Bypass surgery may be performed as a palliative treatment for patients who have difficulty in oral intake because of esophageal stenosis due to esophageal carcinoma or changes after treatment for esophageal carcinoma. However, the indications for bypass surgery have become limited because of the spread of esophageal stenting.
In this method, the thoracic esophagus is detached and removed via the cervical and abdominal approaches without thoracotomy. This technique was first reported by Turner in 1933. Akiyama et al. introduced this method in Japan in 1971, and it has since come to be used widely in clinical practice in this country. This technique has been employed for resection and reconstruction in patients with cervical esophageal carcinoma, patients with thoracic or abdominal esophageal carcinoma who are not suitable candidates for thoracotomy because of severe pleural adhesions or poor pulmonary function, patients of advanced age, and patients with mucosal carcinoma not requiring lymph node dissection. Although this technique allows dissection of the abdominal to lower mediastinal lymph nodes to some extent, upper to middle mediastinal dissection is difficult.

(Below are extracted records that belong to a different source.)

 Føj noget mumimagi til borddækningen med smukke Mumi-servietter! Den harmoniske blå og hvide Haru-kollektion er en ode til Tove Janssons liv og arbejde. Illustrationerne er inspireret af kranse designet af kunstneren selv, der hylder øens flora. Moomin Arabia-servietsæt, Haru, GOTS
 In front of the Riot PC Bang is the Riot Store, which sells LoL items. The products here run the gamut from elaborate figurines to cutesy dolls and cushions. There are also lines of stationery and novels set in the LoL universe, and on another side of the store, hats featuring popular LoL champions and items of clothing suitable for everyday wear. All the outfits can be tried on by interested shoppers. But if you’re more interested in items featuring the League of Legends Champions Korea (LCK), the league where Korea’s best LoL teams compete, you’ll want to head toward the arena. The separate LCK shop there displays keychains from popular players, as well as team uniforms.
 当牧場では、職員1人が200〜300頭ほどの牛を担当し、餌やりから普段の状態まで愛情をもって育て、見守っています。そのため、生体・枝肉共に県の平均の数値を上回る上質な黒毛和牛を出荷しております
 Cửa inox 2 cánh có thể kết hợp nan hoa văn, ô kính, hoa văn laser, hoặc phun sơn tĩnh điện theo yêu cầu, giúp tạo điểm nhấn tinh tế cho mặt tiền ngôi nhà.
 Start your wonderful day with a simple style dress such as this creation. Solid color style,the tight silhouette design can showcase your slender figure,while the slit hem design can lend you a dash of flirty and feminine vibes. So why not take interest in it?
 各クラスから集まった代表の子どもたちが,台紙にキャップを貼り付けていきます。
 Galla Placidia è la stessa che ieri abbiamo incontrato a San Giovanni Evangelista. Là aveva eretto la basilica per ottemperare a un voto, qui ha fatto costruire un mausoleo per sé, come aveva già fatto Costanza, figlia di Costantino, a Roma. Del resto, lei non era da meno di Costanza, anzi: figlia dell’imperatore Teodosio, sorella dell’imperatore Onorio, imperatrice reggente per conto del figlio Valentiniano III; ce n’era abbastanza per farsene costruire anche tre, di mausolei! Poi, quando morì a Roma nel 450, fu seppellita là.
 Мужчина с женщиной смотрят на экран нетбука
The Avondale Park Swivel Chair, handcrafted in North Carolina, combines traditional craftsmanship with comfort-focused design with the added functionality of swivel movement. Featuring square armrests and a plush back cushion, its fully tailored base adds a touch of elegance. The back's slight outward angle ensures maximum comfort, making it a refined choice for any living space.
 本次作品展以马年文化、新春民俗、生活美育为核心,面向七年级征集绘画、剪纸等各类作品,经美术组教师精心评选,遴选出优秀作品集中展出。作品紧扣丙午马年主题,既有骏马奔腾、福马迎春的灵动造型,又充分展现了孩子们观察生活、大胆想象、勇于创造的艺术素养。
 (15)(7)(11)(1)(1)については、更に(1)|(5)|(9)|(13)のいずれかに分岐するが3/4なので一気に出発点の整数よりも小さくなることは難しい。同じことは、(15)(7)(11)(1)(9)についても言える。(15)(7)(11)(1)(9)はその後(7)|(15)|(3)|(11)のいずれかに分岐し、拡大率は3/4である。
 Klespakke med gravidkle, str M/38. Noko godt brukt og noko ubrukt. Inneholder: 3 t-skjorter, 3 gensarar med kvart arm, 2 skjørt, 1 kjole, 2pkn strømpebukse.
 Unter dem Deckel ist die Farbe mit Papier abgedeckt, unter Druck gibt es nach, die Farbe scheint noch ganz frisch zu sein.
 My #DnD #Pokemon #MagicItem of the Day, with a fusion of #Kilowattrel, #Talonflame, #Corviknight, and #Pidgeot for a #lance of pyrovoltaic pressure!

Currently, the use of transhiatal esophagectomy has become rare because of the spread of chemoradiotherapy and endoscopic submucosal dissection.
Treatments for unresectable cases
Advanced esophageal carcinomas that are unresectable because of infiltration into other organs or distant metastasis are initially treated by radiotherapy, chemotherapy, or chemoradiotherapy. However, patients with esophageal stenosis or trachea–esophageal fistula not responding to these treatments suffer from difficulty in oral intake, resulting in a marked decrease in QOL. Bypass surgery is a palliative treatment used to achieve oral feeding in these cases of malignant esophageal stenosis or obstruction. Currently, indications for bypass surgery have become rare because of the spread of covered esophageal stent placement.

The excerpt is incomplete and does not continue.